[Task item]:
Below are the records; give again exactly the line with "Each tin contains", the line with "丈夫な9番手リネン生地を使用した多ボタンジャケットです。", and each line that lies between them, and nothing besides.

[Given entries]:
┄┄┄┄┄┄┄┄┄┄
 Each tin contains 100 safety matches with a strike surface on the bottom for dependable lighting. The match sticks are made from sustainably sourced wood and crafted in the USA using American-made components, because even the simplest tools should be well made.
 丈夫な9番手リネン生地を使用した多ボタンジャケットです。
┄┄┄┄┄┄┄┄┄┄
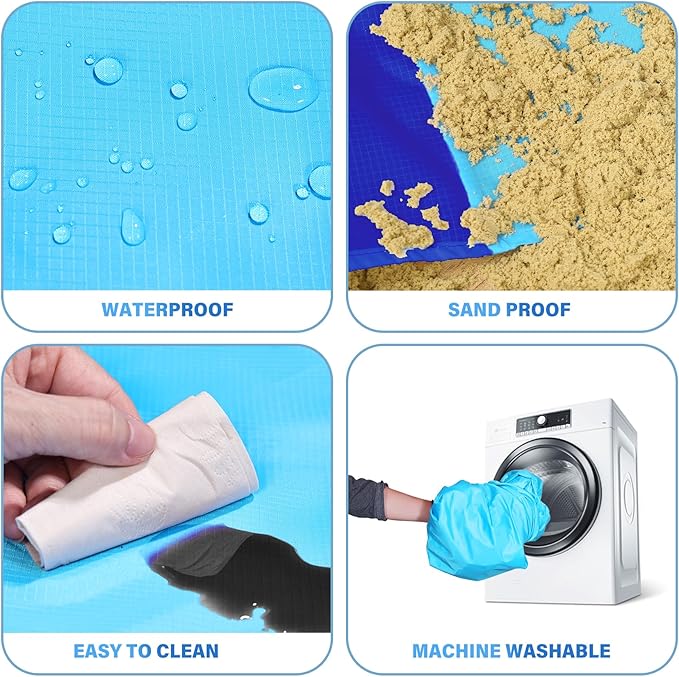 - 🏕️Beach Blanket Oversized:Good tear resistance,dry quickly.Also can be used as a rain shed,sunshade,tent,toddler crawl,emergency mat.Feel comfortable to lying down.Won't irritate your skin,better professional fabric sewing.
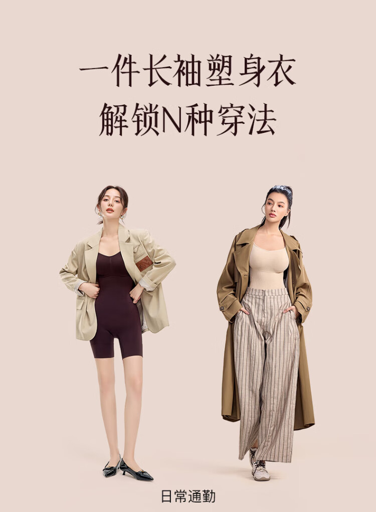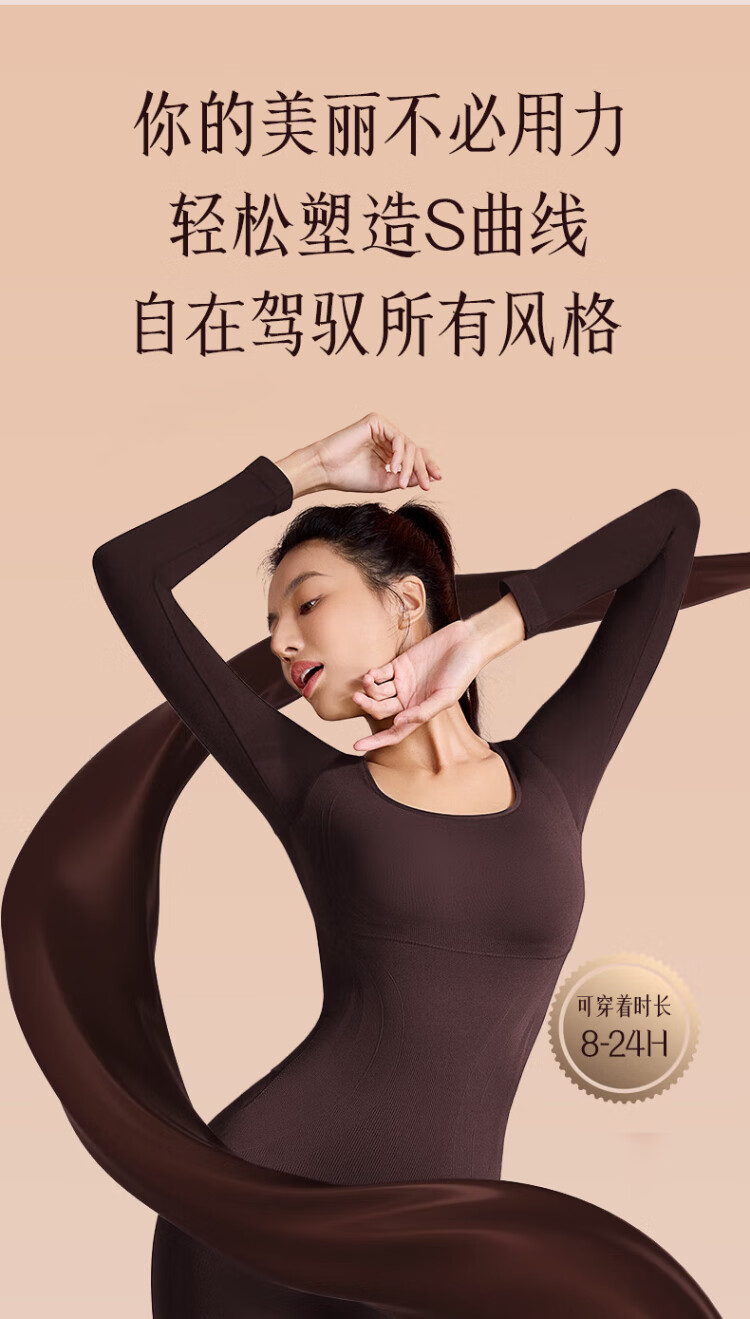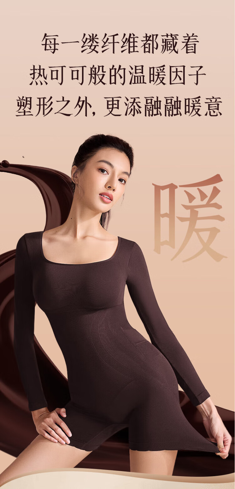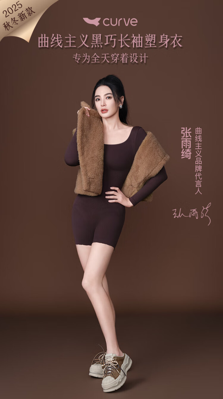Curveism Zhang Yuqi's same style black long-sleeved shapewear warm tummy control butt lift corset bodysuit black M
┄┄┄┄┄┄┄┄┄┄
[Response to this exercise]:
 Each tin contains 100 safety matches with a strike surface on the bottom for dependable lighting. The match sticks are made from sustainably sourced wood and crafted in the USA using American-made components, because even the simplest tools should be well made.
 丈夫な9番手リネン生地を使用した多ボタンジャケットです。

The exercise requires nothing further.